Requirement
The output should match, line for line, the records from the line containing "Handmade Crochet Christmas" through the line containing "Placez l'original sur", with every picture left out.

+++ Stored data +++

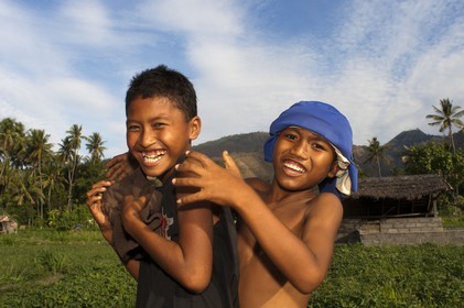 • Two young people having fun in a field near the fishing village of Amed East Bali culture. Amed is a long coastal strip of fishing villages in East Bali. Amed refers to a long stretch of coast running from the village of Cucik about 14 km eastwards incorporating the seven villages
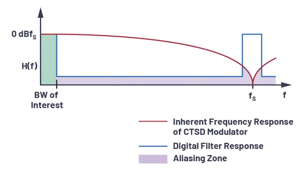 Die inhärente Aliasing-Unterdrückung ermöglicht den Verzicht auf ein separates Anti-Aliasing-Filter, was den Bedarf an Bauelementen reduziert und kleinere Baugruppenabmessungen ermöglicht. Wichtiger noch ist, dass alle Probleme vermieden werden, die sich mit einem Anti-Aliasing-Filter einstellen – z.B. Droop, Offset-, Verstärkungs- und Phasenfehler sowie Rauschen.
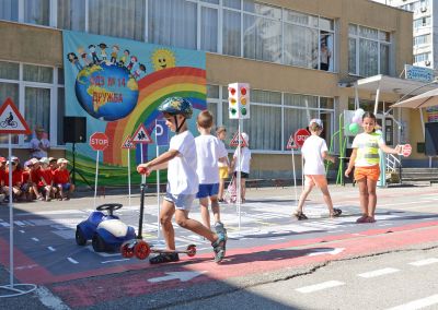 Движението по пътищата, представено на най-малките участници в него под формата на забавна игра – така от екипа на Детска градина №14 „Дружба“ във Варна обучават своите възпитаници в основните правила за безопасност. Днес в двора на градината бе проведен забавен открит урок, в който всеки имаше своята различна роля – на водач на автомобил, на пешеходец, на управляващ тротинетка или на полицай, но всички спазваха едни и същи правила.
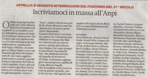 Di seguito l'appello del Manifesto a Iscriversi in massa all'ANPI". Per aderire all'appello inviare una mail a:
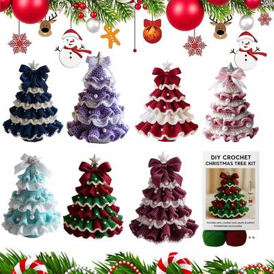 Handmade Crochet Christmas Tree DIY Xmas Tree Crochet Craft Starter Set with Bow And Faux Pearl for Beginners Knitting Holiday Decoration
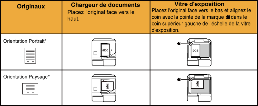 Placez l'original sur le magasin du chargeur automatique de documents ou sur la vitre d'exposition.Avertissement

+++
+++ Stored data +++

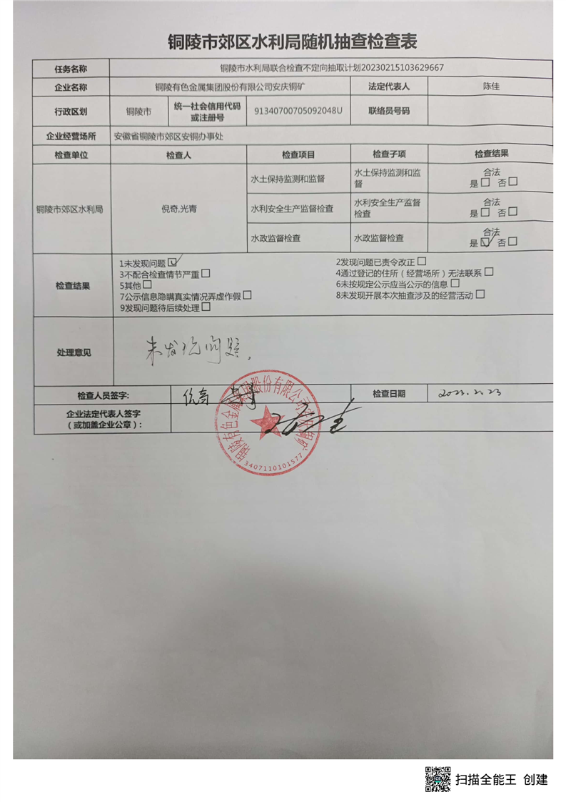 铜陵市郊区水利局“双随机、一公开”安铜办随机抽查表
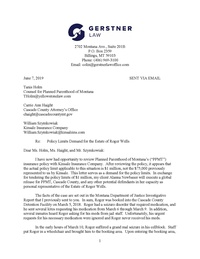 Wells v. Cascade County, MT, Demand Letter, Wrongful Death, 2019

+++

Result of this exercise
 Handmade Crochet Christmas Tree DIY Xmas Tree Crochet Craft Starter Set with Bow And Faux Pearl for Beginners Knitting Holiday Decoration
 Placez l'original sur le magasin du chargeur automatique de documents ou sur la vitre d'exposition.Avertissement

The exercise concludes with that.